§ **Description of the task**:
Take from the entries below the stretch from the line with "首先,这主要得益于非常强大的" through the line with "Мы настроили общую", and return it exactly, leaving the pictures out.

───── Supplied information ─────

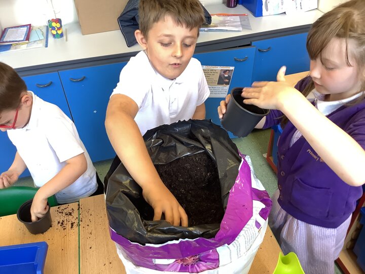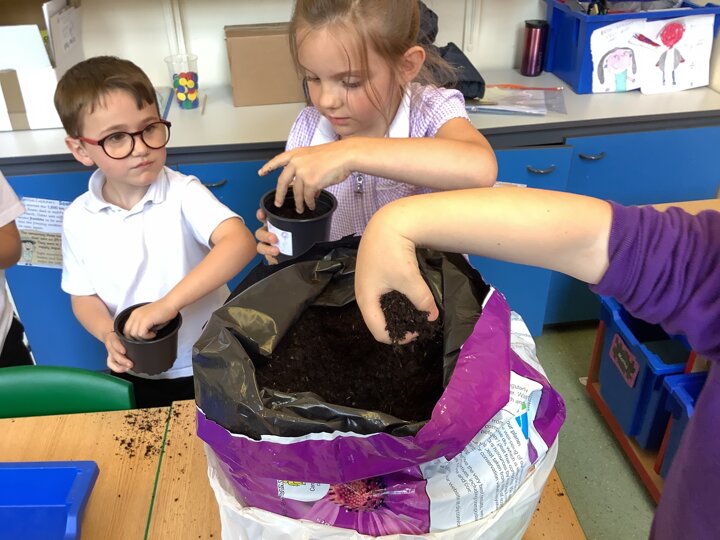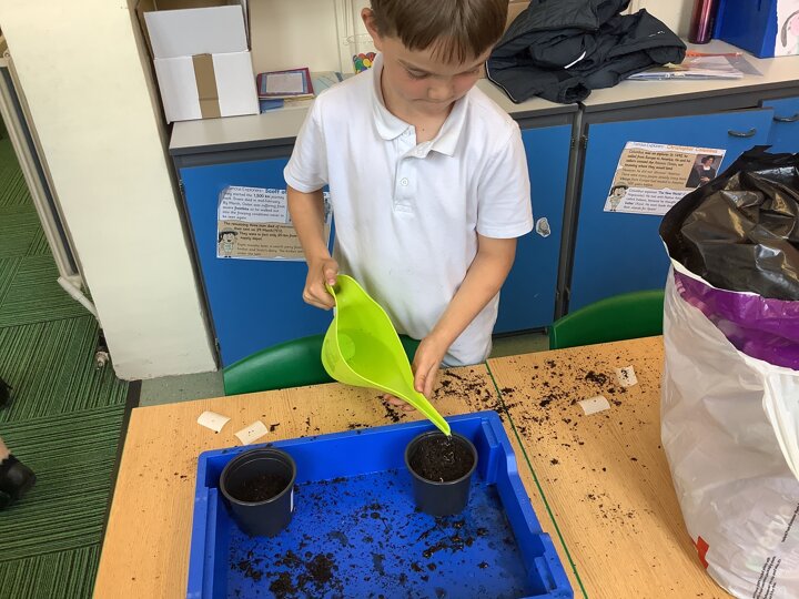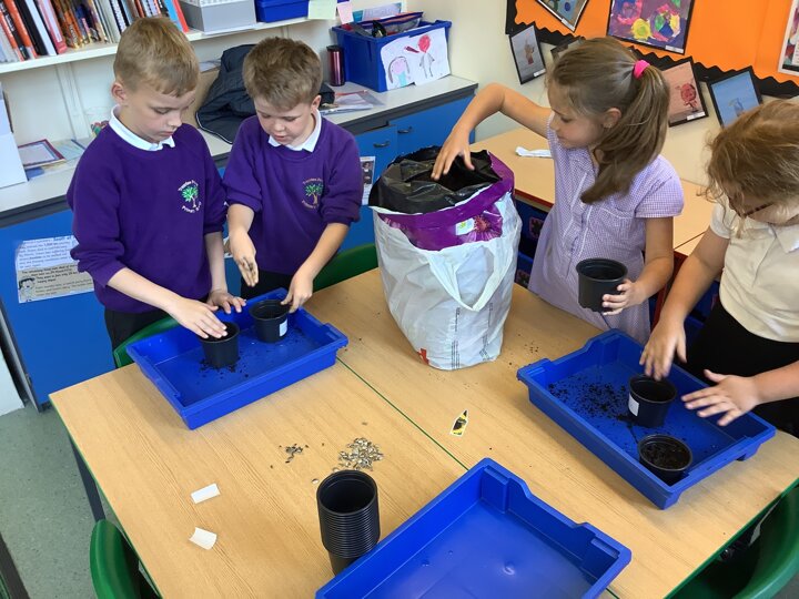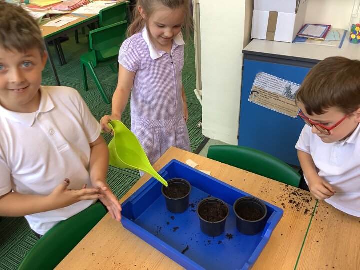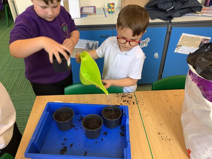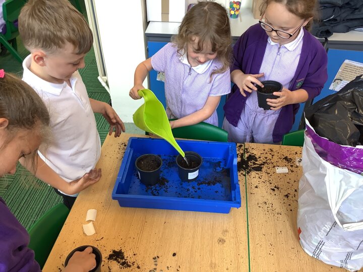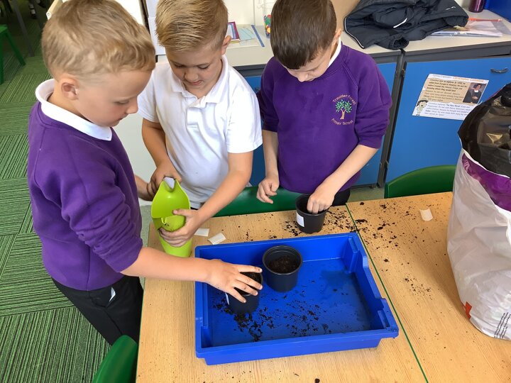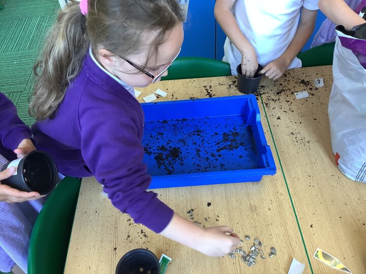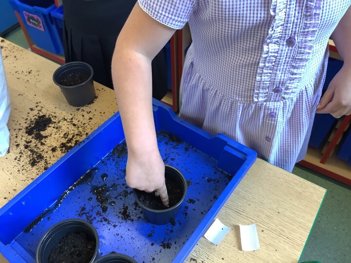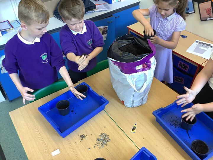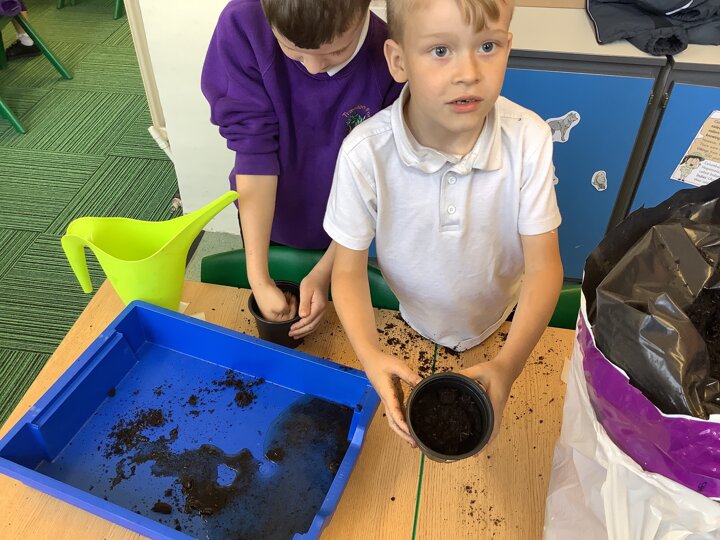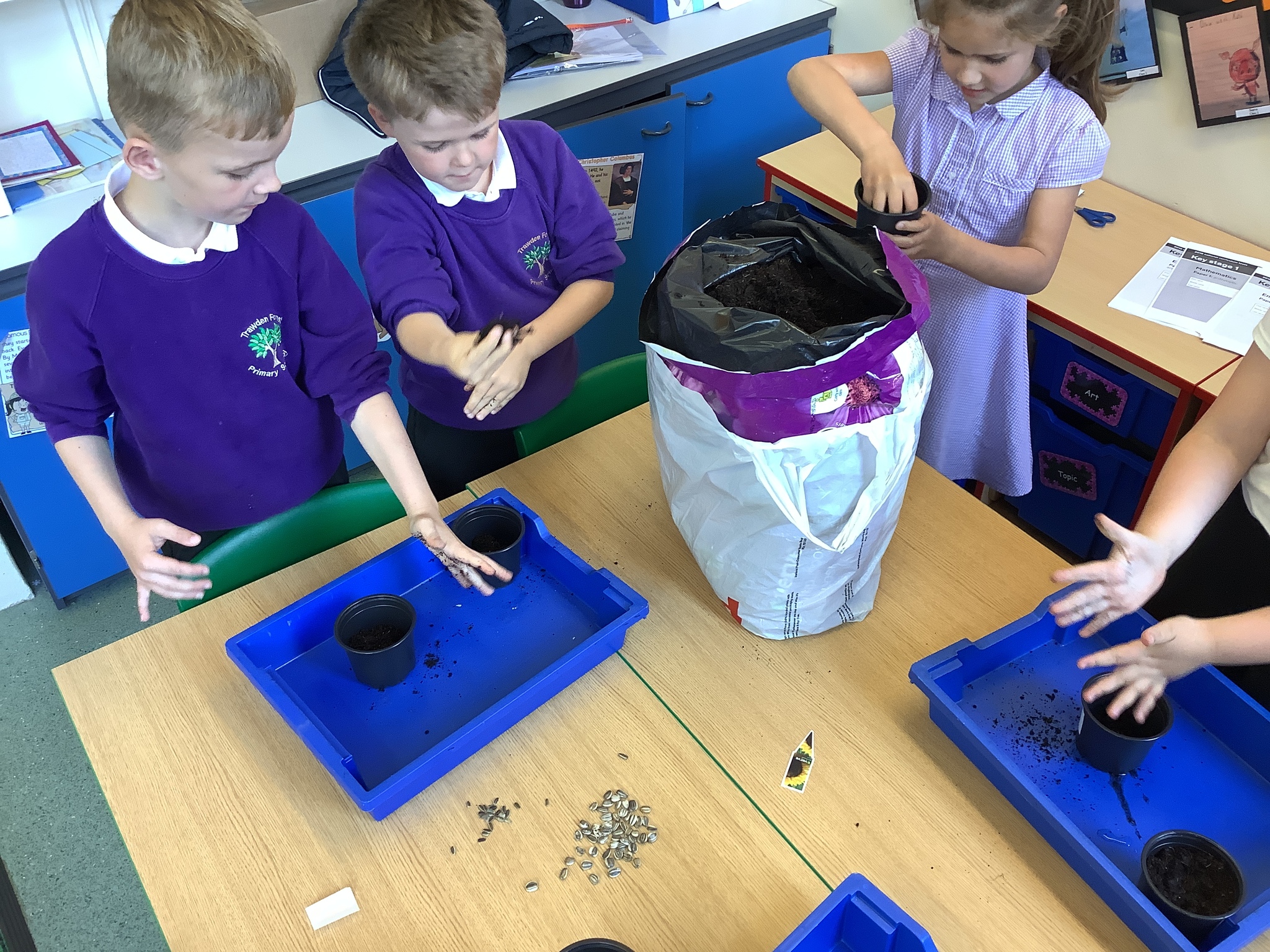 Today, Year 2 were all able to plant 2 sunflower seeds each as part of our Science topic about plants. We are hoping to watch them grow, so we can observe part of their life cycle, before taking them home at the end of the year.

─────
───── Supplied information ─────

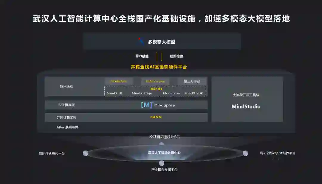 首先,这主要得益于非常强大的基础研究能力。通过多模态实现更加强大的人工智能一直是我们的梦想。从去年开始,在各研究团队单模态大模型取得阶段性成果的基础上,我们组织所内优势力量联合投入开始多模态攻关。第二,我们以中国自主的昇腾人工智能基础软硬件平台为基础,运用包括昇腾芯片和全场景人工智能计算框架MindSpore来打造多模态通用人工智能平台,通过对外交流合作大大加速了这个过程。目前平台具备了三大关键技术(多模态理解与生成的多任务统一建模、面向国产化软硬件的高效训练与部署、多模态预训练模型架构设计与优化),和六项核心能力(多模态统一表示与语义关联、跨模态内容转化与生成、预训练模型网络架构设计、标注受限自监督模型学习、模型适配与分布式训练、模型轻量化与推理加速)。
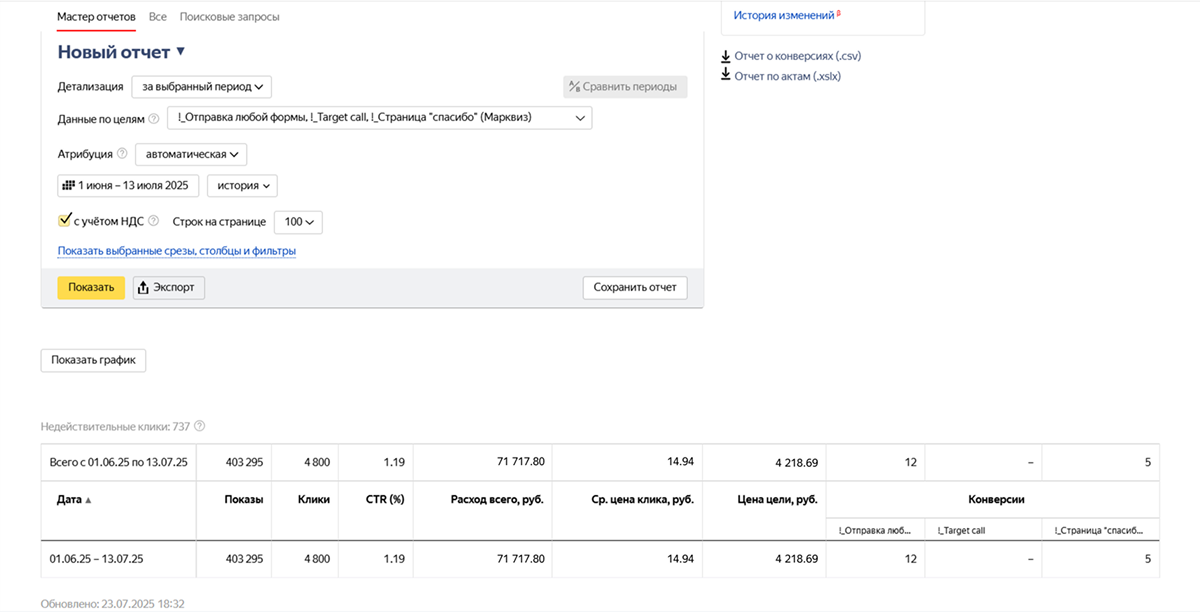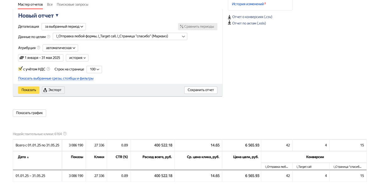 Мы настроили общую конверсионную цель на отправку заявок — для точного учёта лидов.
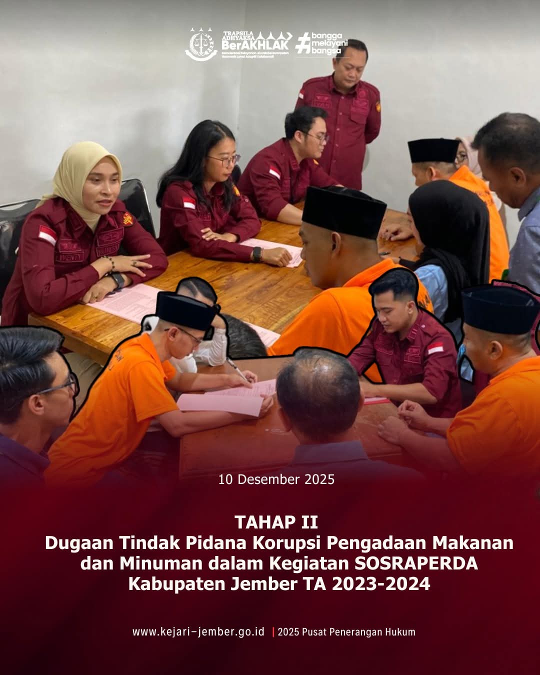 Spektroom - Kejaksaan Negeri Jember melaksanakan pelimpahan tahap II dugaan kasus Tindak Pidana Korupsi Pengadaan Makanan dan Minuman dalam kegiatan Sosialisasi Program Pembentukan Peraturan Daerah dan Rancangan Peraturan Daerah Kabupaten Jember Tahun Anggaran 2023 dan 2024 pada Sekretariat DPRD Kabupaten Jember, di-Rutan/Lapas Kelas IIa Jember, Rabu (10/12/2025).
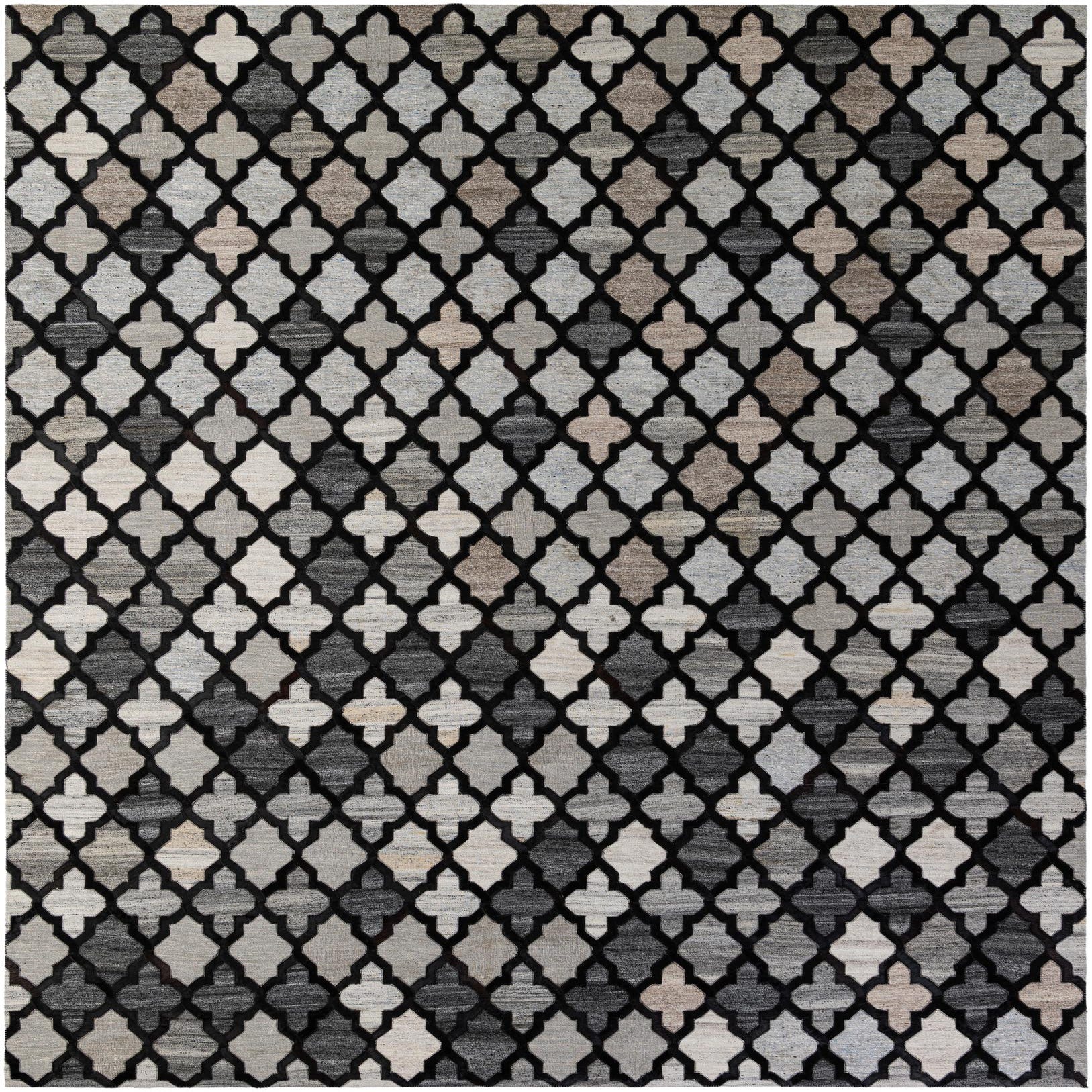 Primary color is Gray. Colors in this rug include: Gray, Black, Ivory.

─────

§ **Task answer**:
 首先,这主要得益于非常强大的基础研究能力。通过多模态实现更加强大的人工智能一直是我们的梦想。从去年开始,在各研究团队单模态大模型取得阶段性成果的基础上,我们组织所内优势力量联合投入开始多模态攻关。第二,我们以中国自主的昇腾人工智能基础软硬件平台为基础,运用包括昇腾芯片和全场景人工智能计算框架MindSpore来打造多模态通用人工智能平台,通过对外交流合作大大加速了这个过程。目前平台具备了三大关键技术(多模态理解与生成的多任务统一建模、面向国产化软硬件的高效训练与部署、多模态预训练模型架构设计与优化),和六项核心能力(多模态统一表示与语义关联、跨模态内容转化与生成、预训练模型网络架构设计、标注受限自监督模型学习、模型适配与分布式训练、模型轻量化与推理加速)。
 Мы настроили общую конверсионную цель на отправку заявок — для точного учёта лидов.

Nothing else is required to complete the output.